Mais qu’est-ce que le talent ? Il y a sans doute différents stades, degrés et vous pensez bien que Ronaldo se situe en haut de cette échelle. La pureté est une notion rare, unique et c’est ce que nous inspire le talent du double ballon d’or (1997, 2002). Outre ses qualités athlétiques jadis exceptionnelles, Ronaldo surprend en permanence, invente des enchaînements en fonction des situations de jeu. Ce brin de créativité, ces fulgurances de génie même, sont l’une des marques de fabrique du Brésilien au point d’en devenir insaisissable pour ses vis-à-vis. Il y a de nombreux joueurs offensifs face auxquels il est possible de prévoir, d’anticiper une réaction, un dribble, une intention mais face à Ronaldo c’est impossible. Ses feintes, sa puissance, sa lecture du jeu sont tellement fluides et limpides que votre statut s’apparente quasi systématiquement à celui d’une victime ! C’est le ressenti qu’il nous procure en tant que spectateurs mais c’est aussi celui de grands défenseurs comme l’expliquait Alessandro Nesta :

« Pour moi, Ronaldo a été l’attaquant le plus fort de tous. La première année en Italie… (il soupire) J’ai joué contre lui en finale de la Coupe UEFA à Paris, en 1998, je n’ai jamais vu un joueur jouer aussi bien une rencontre de football. Cela a peut-être duré peu, parce qu’après il s’est brisé le genou, mais selon moi, c’était vraiment le plus fort. Je mets Messi derrière lui, c’est aussi un phénomène. Les autres attaquants, tu peux toujours comprendre ce qu’ils vont faire. Mais ces deux là sont imprévisibles. Ce que la plupart des gens font en état statique, eux ils le font en pleine course, à 200 km/h. Ce sont des martiens. »

On perçoit l’admiration chez l’ancien international italien, et comme les mots ne suffisent pas toujours, je vous laisse constater par vous-même… C’était le 6 mai 1998 au Parc des Princes…

Aussi arrogant, corrosif et provocateur qu’il puisse être, Zlatan  Ibrahimovic se met également à nu.

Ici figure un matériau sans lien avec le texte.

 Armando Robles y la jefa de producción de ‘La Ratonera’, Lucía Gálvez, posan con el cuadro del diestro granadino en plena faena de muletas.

Ronaldo – Il Fenomeno – était son modèle étant jeune, une véritable source d’inspiration comme il l’expliquait sur le plateau de Bein Sport. Mieux encore, lors d’un match opposant le Milan AC à l’Inter, les deux hommes se croisent et l’admiration que porte Zlatan à son idole ne fait pas l’ombre d’un doute, certains regards ne trompent pas !

  • L’attaquant “clinique”

Avec des “si”, nous pourrions refaire le monde ! Il restera toujours un arrière-goût d’inachevé concernant Il Fenomeno. Non pas en raison de son immense talent ou de ses performances mémorables mais tout simplement à cause de ses blessures. En effet, Ronaldo connaît une première blessure le 21 novembre 1999 lors d’un match face à Lecce où on lui diagnostique une rupture partielle du tendon rotulien. S’ensuit une seconde blessure cinq mois plus tard lors de la finale de la Coupe d’Italie face à la Lazio de Rome.

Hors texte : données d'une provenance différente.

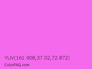 YUV 161.908,37.02,72.872 Color is a light magenta color and the nearest color is Pink Flamingo #fc74fd. Hex code #f569ed and RGB value is rgb(245,105,237). In RGB color space, this color is composed of 96% red, 41% green, 93% blue, In CMYK color space, this color is composed of 0% cyan, 57% magenta, 3% yellow , 4% black , In HSL color space, this color has a hue angle of 303° , 88% saturation and 69% lightness.

Ce jour-là, le retour du Brésilien est tellement attendu… Pour preuve, n’ayant pas accès à Canal +, je suis l’un de ceux qui regarde le match en crypté… Au moment de la rentrée de Ronaldo, nous sommes surexcités mais la jubilation retombe sept minutes plus tard lorsque notre joueur favori s’écroule… Rupture totale du tendon rotulien ! Les tifosis de l’Inter n’ont plus que les yeux pour pleurer d’autant plus qu’après cette seconde blessure grave, Ronaldo ne jouera que très peu de matchs sous le maillot interiste.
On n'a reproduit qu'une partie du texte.